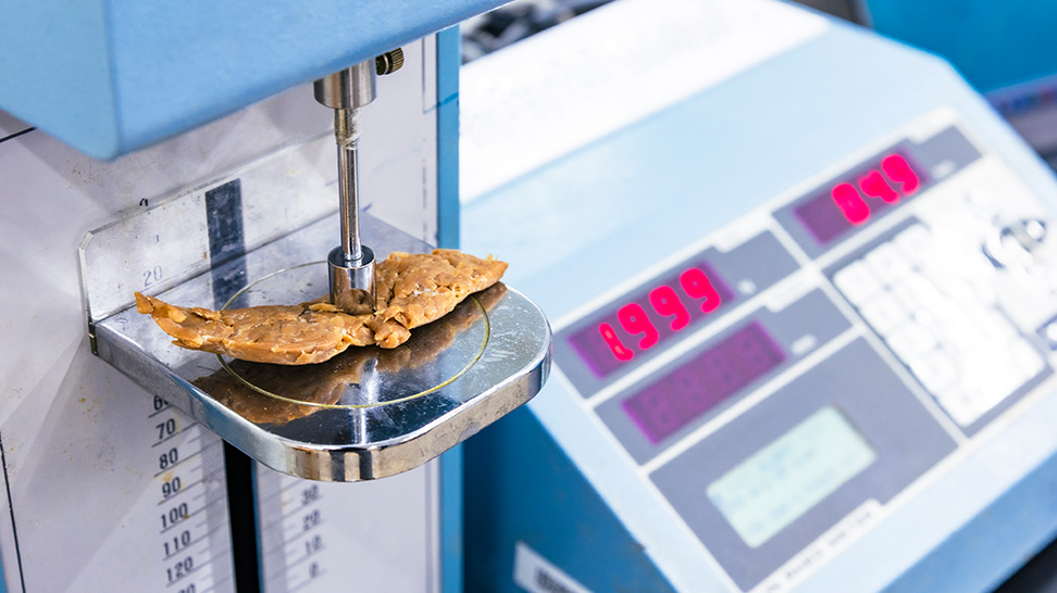 それまでには、弾力性の測定や、本物の牛もも肉やハラミなどと食べ比べながら硬さや繊維感、ほぐれやすさなどを見る官能検査を積み重ね、「牛肉らしさ」を追求した。そこまで辿り着くまでには3年半の歳月が流れていた。
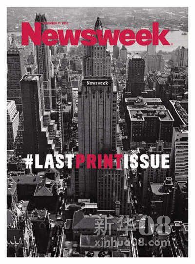美國知名雜志《新聞周刊》最后一期印刷版將于12月31日在各報(bào)刊亭正式銷售。當(dāng)?shù)貢r(shí)間12月23日,該雜志網(wǎng)站發(fā)布了最后一期印刷版封面——一張?jiān)撾s志位于美國紐約市辦公大樓的黑白照片,照片上方為該刊發(fā)行日期(2012年12月31日),中下部則配以“最后一期印刷版”的字樣,充滿了離愁別緒。而在“最后一期印刷版”字樣的前面使用了“#”字標(biāo)簽。這不僅意味著《新聞周刊》以詩化的方式向社交媒體致意,且表明社交媒體是導(dǎo)致該雜志紙質(zhì)刊物走到盡頭的原因之一。
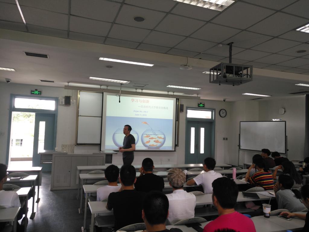 为更进一步帮助准备同学们更好的了解自己的专业,更加科学的投入学习生活,6月11日下午,经济tyc5997太阳集团邀请到了美国内华达大学拉斯维加斯分校数学系主任吴志坚教授在经世楼F201为公司2017级全体员工举行了题为“学习与创新---信息时代大学教育的挑战”的专题讲座。
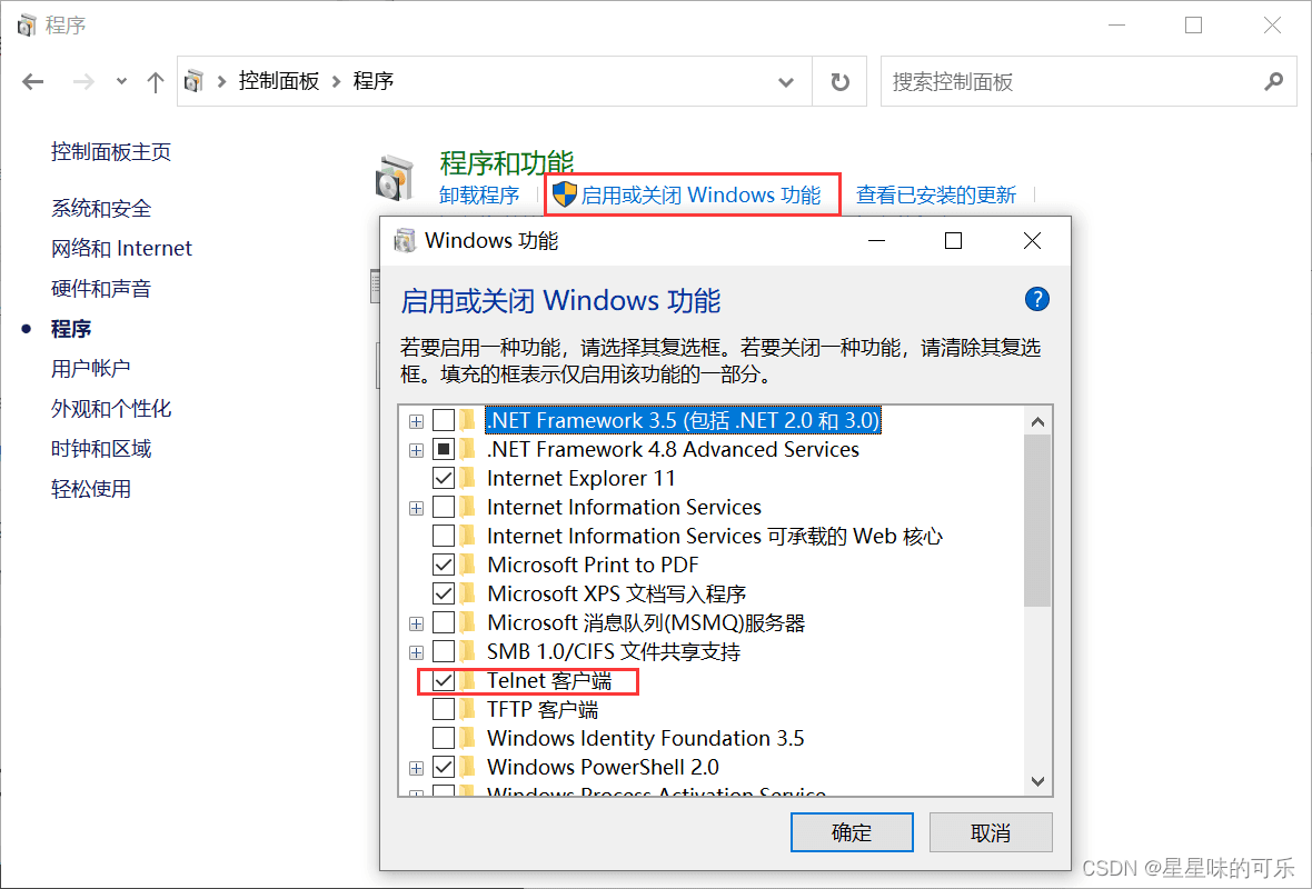 打開控制面板,點擊“程序”,點擊“啟用或關閉Windows功能”,打開Telnet服務。
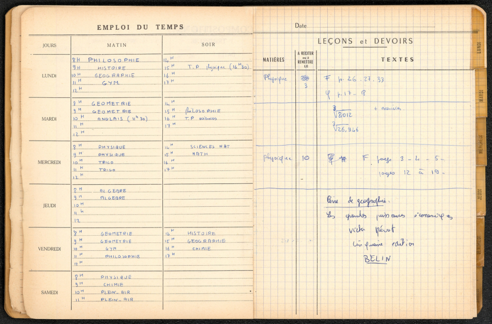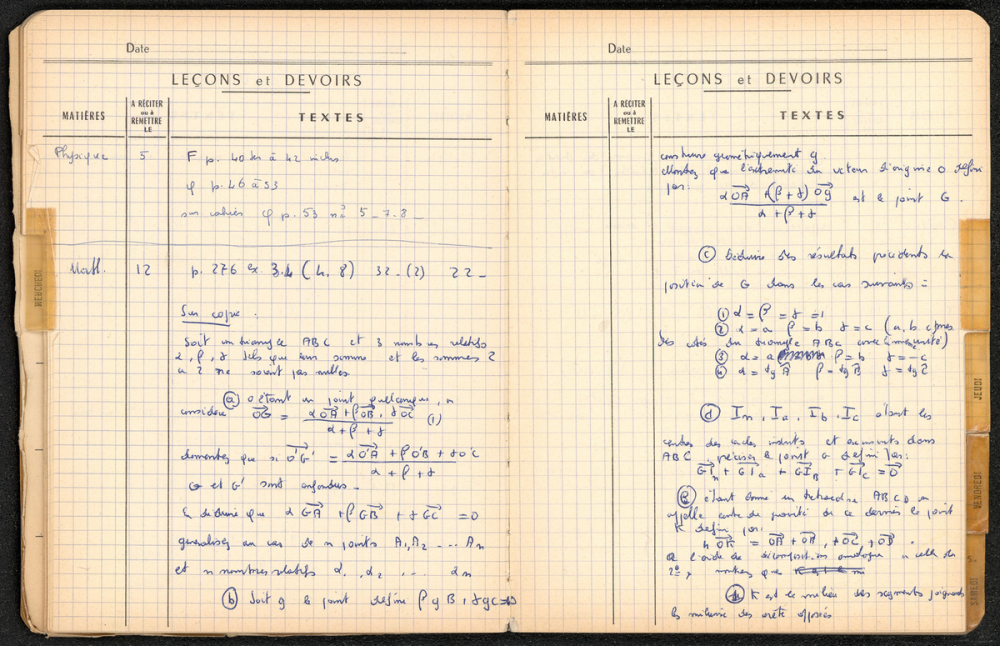 Notes : Il s'agit du cahier de textes de Marie-France Rocquemont (épouse Morel), élève alors scolarisée au lycée Marie Curie de Sceaux (Hauts de Seine, ex-Seine) en classe de Terminale série Mathématiques élémentaires, durant l'année 1958-1959.
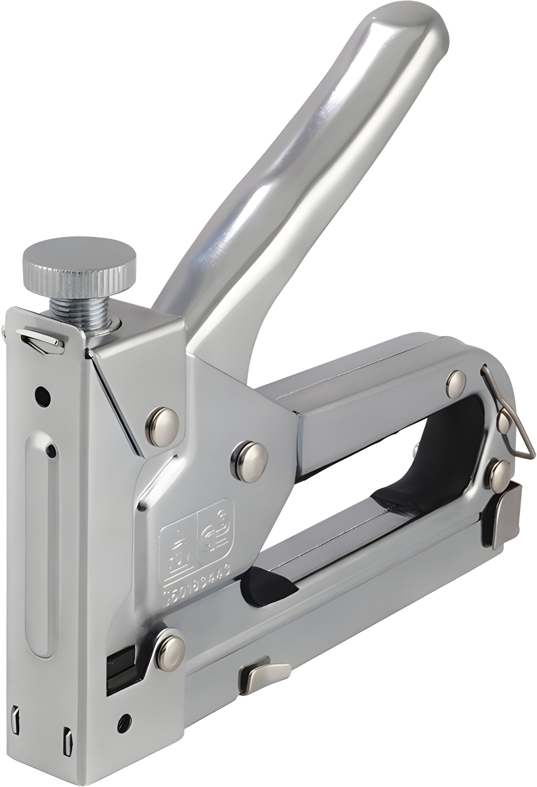 Штампований корпус степлера виготовлений із конструкційної сталі. Оснащений регуляторним механізмом контролю сили удару. Висота скоб 4-14 мм. Товщина скоб – 0,8 мм.
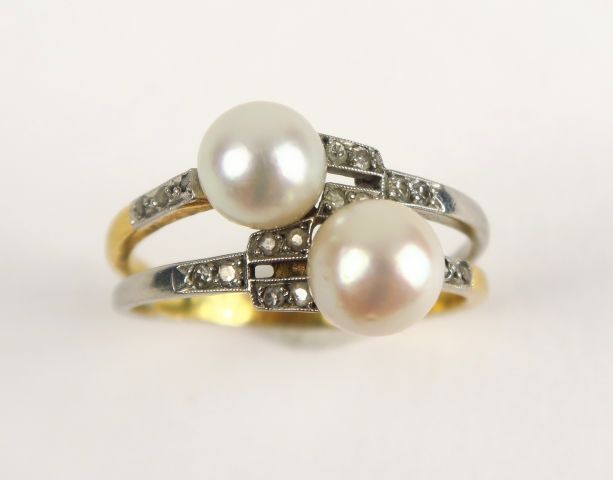 Bague en or et platine ornée de deux perles et de petites roses. Poids tel : 4,8 g

══════════════════════════════

INSTRUCTIONS FOR THE TASK |
Line by line, reproduce the material above exactly, leaving each picture out.

RESPONSE BOX |
 それまでには、弾力性の測定や、本物の牛もも肉やハラミなどと食べ比べながら硬さや繊維感、ほぐれやすさなどを見る官能検査を積み重ね、「牛肉らしさ」を追求した。そこまで辿り着くまでには3年半の歳月が流れていた。
美國知名雜志《新聞周刊》最后一期印刷版將于12月31日在各報(bào)刊亭正式銷售。當(dāng)?shù)貢r(shí)間12月23日,該雜志網(wǎng)站發(fā)布了最后一期印刷版封面——一張?jiān)撾s志位于美國紐約市辦公大樓的黑白照片,照片上方為該刊發(fā)行日期(2012年12月31日),中下部則配以“最后一期印刷版”的字樣,充滿了離愁別緒。而在“最后一期印刷版”字樣的前面使用了“#”字標(biāo)簽。這不僅意味著《新聞周刊》以詩化的方式向社交媒體致意,且表明社交媒體是導(dǎo)致該雜志紙質(zhì)刊物走到盡頭的原因之一。
 为更进一步帮助准备同学们更好的了解自己的专业,更加科学的投入学习生活,6月11日下午,经济tyc5997太阳集团邀请到了美国内华达大学拉斯维加斯分校数学系主任吴志坚教授在经世楼F201为公司2017级全体员工举行了题为“学习与创新---信息时代大学教育的挑战”的专题讲座。
 打開控制面板,點擊“程序”,點擊“啟用或關閉Windows功能”,打開Telnet服務。
 Notes : Il s'agit du cahier de textes de Marie-France Rocquemont (épouse Morel), élève alors scolarisée au lycée Marie Curie de Sceaux (Hauts de Seine, ex-Seine) en classe de Terminale série Mathématiques élémentaires, durant l'année 1958-1959.
 Штампований корпус степлера виготовлений із конструкційної сталі. Оснащений регуляторним механізмом контролю сили удару. Висота скоб 4-14 мм. Товщина скоб – 0,8 мм.
 Bague en or et platine ornée de deux perles et de petites roses. Poids tel : 4,8 g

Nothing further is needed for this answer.